Wir saßen ruhig nebeneinander. Ich legte meinen Kopf auf Seine Schultern und schmiegte mich an Seine Seite. Schon früher hatte ich mir gewünscht, die Zeit mit Ihm verlängern zu können. Doch dieser Wunsch schien mir nun lächerlich klein, in Anbetracht dessen, was auf Ihn zukommen würde. Er hatte es mir prophezeit, es würde mehr weh tun, wenn ich nicht loslassen würde. Und ich spürte, dass etwas in mir der Situation standhielt. Doch der andere Teil, war auch noch da. Ich wollte diesem nicht zu viel Raum geben und flüsterte: «Ich will nicht, dass du gehst.» «Ich weiß.», antwortete Jeschu leise und legte dabei Seinen Arm um mich. Ich spürte, wie meine Tränen Seinen Umhang feucht werden ließen. Wir saßen lange wortlos nebeneinander. Beide in ihren eigenen Gedanken versunken. Es gab keine Worte mehr. Nach einer Weile rückten wir ein Stück auseinander, um uns mit dem Vater verbinden und beten zu können.

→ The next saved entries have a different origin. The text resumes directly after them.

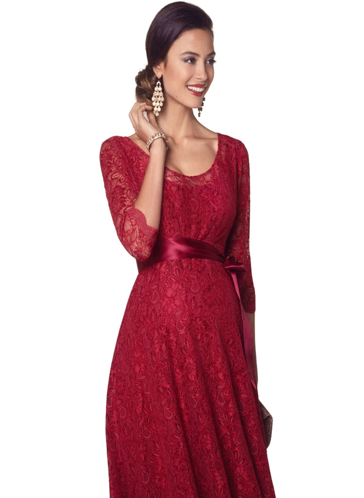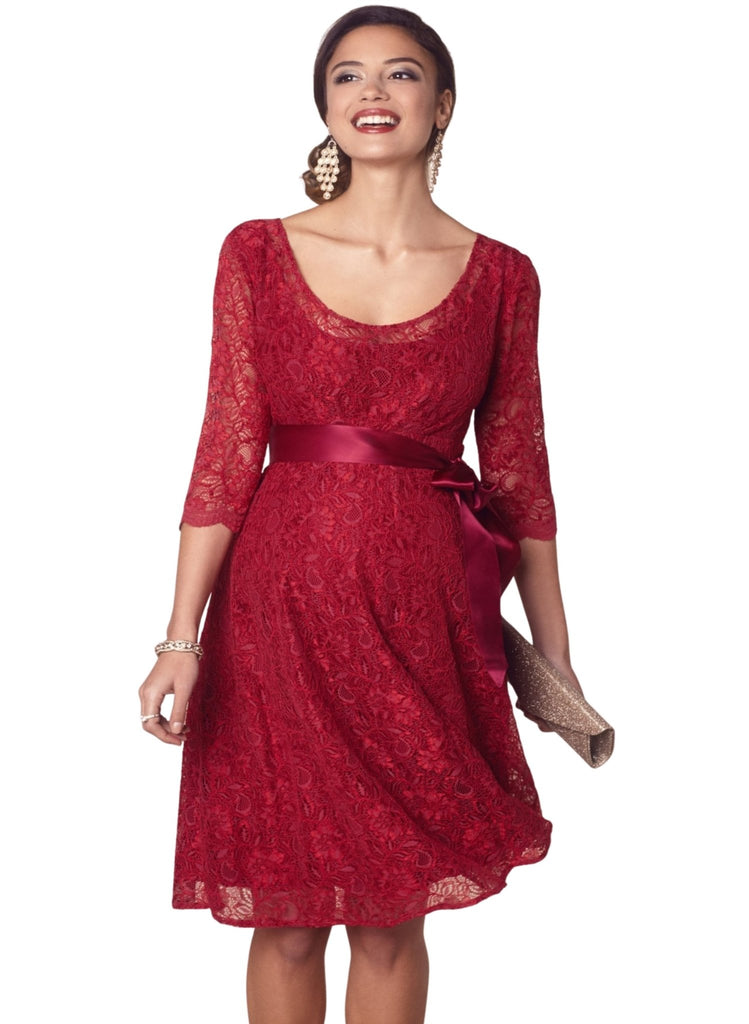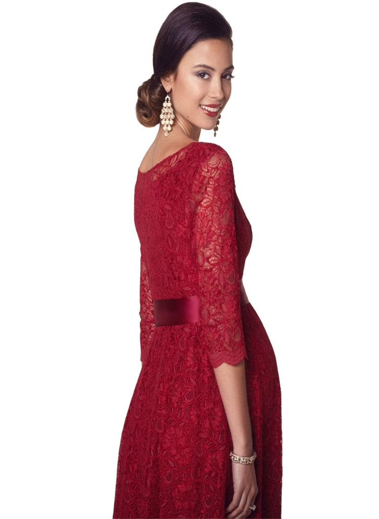 Our best-selling Freya lace maternity party dress has all the credentials of the perfect party gown – corded lace lined with premium jersey, a gently scooped neckline and flattering knee length skirt plus a fabulous new Scarlet colourway, just perfect for the festive season.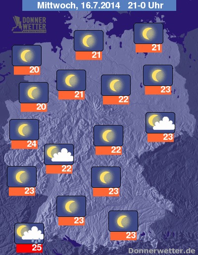 Am Abend fallen auch die Schauerwolken im Osten in sich zusammen und der Himmel kann verbreitet aufklaren und die Sterne freigeben. Die Abendtemperaturen liegen mit teils noch 25 Grad im Breisgau und etwa 20 Grad im Emsland auf einem mediteranen Niveau.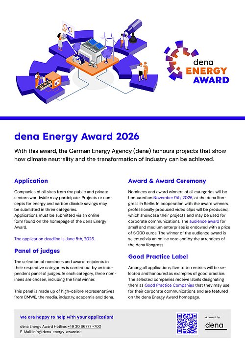 The dena Energy Award 2026 recognises companies from Germany and abroad that are using innovative projects to improve energy efficiency, reduce CO₂ emissions and drive the transition to climate neutrality. An independent jury will select the winners for outstanding solutions. In addition, the “Pioneer” People’s Choice Award will be presented to small and medium-sized enterprises. The awards ceremony will take place in Berlin in November.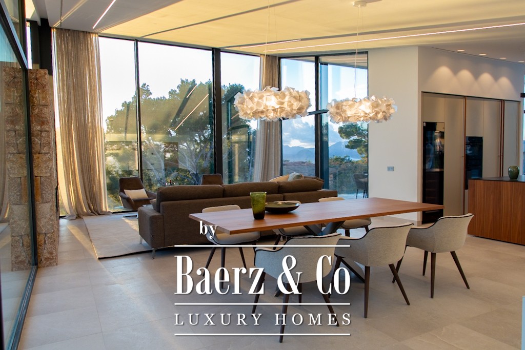 Deze moderne villa in Alcúdia biedt vier ruime slaapkamers, elk met en-suite badkamer, en een master suite met inloopkast en een privé overdekt terras. Het royale ontwerp is gericht op comfort en privacy en vloeit moeiteloos over in een Boffi keuken, een ruime woon- en eetkamer en aansluitende terrassen. Twee zwembaden en een onbelemmerd uitzicht over de baai van Pollensa en het Tramuntana-gebergte zorgen voor een serene, visuele ervaring gedurende het hele jaar.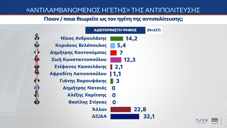 Τόσο στο σύνολο των ψηφοφόρων (26,3%) όσο και στο αδιευκρίνιστο κοινό (14,2%) ο πρόεδρος του ΠΑΣΟΚ Νίκος Ανδρουλάκης θεωρείται ο ηγέτης της αντιπολίτευσης.

«Ich erinnerte mich gut an jene Tage, die wir, kurz bevor wir nach Jerusalem gingen, in Nazareth verbracht hatten. Es waren die Tage, die alles verändert hatten, in denen das Glück, das Aufgehoben- und das Geborgensein überschattet wurden von der Schwere; eine Schwere, die nicht wieder gehen würde.»